◆ Activity: Range to repeat from the listing below: the line containing "三角巾で応急手当の講習" down to the line containing "M. brązowe i czarne półbutelki oraz całe", both included. Copy it exactly, pictures excluded, and add nothing else.

◆ Extracted information:
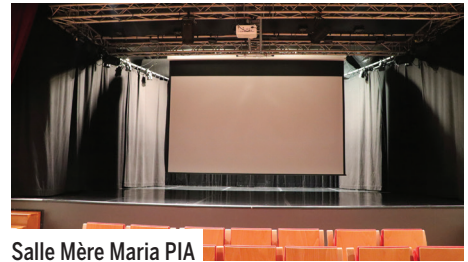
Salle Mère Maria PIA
...
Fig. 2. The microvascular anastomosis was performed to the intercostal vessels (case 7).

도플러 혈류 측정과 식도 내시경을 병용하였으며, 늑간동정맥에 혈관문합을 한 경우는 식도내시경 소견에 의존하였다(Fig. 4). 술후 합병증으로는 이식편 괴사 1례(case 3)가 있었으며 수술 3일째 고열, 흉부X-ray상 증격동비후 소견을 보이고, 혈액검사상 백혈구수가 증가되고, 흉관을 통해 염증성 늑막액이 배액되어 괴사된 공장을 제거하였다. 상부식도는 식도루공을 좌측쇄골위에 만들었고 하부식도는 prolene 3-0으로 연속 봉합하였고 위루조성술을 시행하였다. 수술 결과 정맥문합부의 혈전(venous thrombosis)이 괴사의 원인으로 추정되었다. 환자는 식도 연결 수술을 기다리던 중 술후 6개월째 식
...
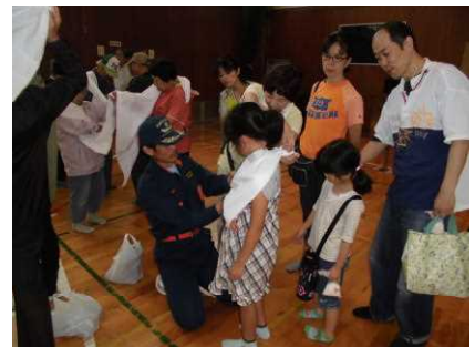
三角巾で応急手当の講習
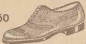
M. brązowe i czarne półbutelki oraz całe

◆ Response to this exercise:
三角巾で応急手当の講習
M. brązowe i czarne półbutelki oraz całe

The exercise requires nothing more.